Georgia Bulletin

The Newspaper of the Catholic Archdiocese of Atlanta

Seeking Jesus On The Highways Of Life

Published July 20, 2006

I surely deserve the world’s record for getting lost. I have been lost on the beltway around Washington, D.C., and on I-285, more than once.

I have merrily gone east when I needed to go west, and south instead of north. I have actually circled major cities going in the wrong direction.

Often, I end up where I started.

Some folks hear the voice of God when they’re lost on the roads. But I hear my first driving instructor, Buzz.

“Loosen up,” he murmured, prying my hands from the wheel, during that fateful summer when I was 27 and determined to drive.

In the confusion, my father’s voice also emerges: “Just stay calm. You’re doing fine.”

I have lost my way in life numerous times. In childhood, my parents pointed me toward a sound, rational, ordinary life.

You went to school, did your homework and got gold stars on your report cards. You headed to church on Sunday, said the rosary and went to confession as needed.

In college, I found their maps too humdrum and predictable.

All my friends were taking the exits marked “hippie” and “atheist,” and I followed them.

The hippie path, I discovered, was paved with shattered hearts from empty relationships. The atheist detour led me exactly nowhere.

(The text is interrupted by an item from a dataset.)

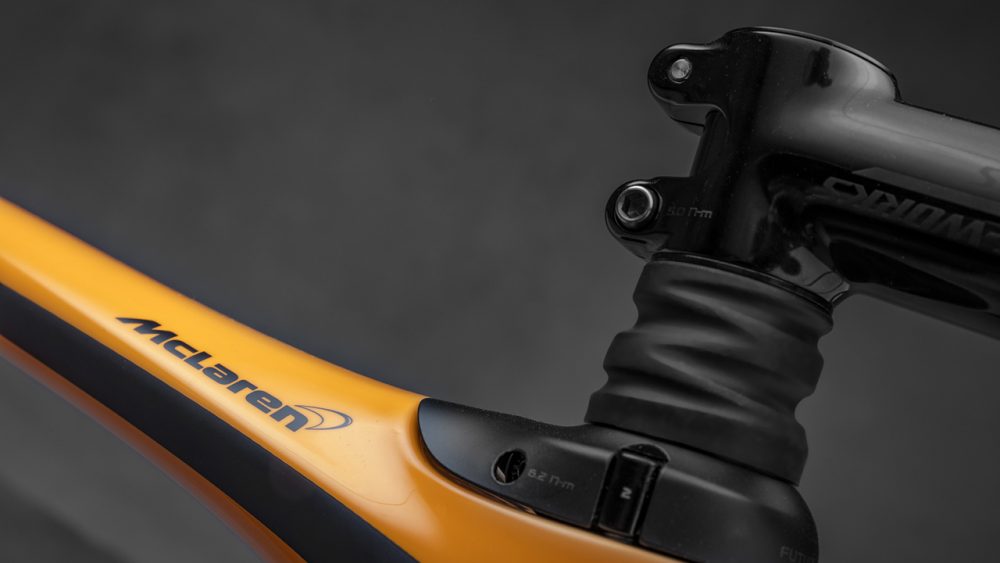 Por isso, a McLaren uniu-se à Specialized para dar corpo a esta bicicleta, batizada McLaren S-Works Roubaix. Com uma estrutura em fibra de carbono e travões de disco, tem mais em comum com um carro de F1 que com uma bicicleta de passeio. Vários elementos, incluindo a pintura cor de laranja e as jantes exclusivas, foram feitos para se aproximarem do design natural de um McLaren.

Much later, I realized the truth: Someone else was in the car with me. And all the detours, however annoying they were at the time, were part of some bigger scheme.

There really was a map, even if I couldn’t read it.

People gently had been trying to give me directions. Out of the blue one day, my boss mentioned that she looked forward to Sundays, so she could worship God.

That hit a lost soul hard. Sundays were times to sleep late and read the newspaper. Were people really getting together to worship God?

I tucked that piece of information away, like a hungry person notes a recipe. Eventually, I made an effort to try a few churches.

When I came back to Catholicism, I didn’t accept the Church’s stance on abortion, contraception and other big issues. I guess you could say I wanted to get on the highway without paying the tolls.

I was fortunate that a priest welcomed me back, even if I was lukewarm about many Church teachings. Some might say he was wrong to do that, but I think he showed wisdom.

The priest trusted that God knew what He was doing.

As Flannery O’Connor said, “I think most people come to the Church by means the Church does not allow, else there would be no need their getting to her at all. … The operation of the Church is entirely set up for the sinner, which creates much misunderstanding among the smug.”

I was definitely the sinner, who was grateful to return to the nest I had left. Conversion, for many of us, is a long process, and it may take us years to fully understand Church teachings.

Jesus said, “I am the way, the truth and the life,” and I am assuming He knew about lost souls, who often seek him on unpaved, unmarked roads, rather than the standard highways.

In “Jesus, Take the Wheel,” Carrie Underwood sings about running low on faith and gasoline, and a near-miss accident while driving on a dark road.

“Jesus, take the wheel,” she sings, “Take it from my hands. ‘Cause I can’t do this all on my own.”

I’m grateful that He took the wheel from me. Here I am, on that old familiar road again, going to Mass on Sundays, receiving Communion and, finally, embracing the Catholic faith fully.

The poet T.S. Eliot said life is a journey and sometimes we end up right back at square one and “know the place for the first time.”

Early in the journey, a child kneels by the bed and asks the Father to take her safely through the night. She trusts He will nudge her in the right direction each day.

If that child gets lost in a store, she feels great distress, until the mother finds her and dries her tears.

The child is rescued by the mother’s love.

It’s really that simple. And I remind myself of this as I’m bumbling along the roads of life, sometimes going miles out of my way and thinking that I’m alone in the car.

The devil still puts up confusing road signs and frightening detours. He would love to see me lose my way again.

“Jesus, take the wheel,” I pray. “Only your love can save me.”

And I hear the voice: “Stay calm. You’re doing fine.”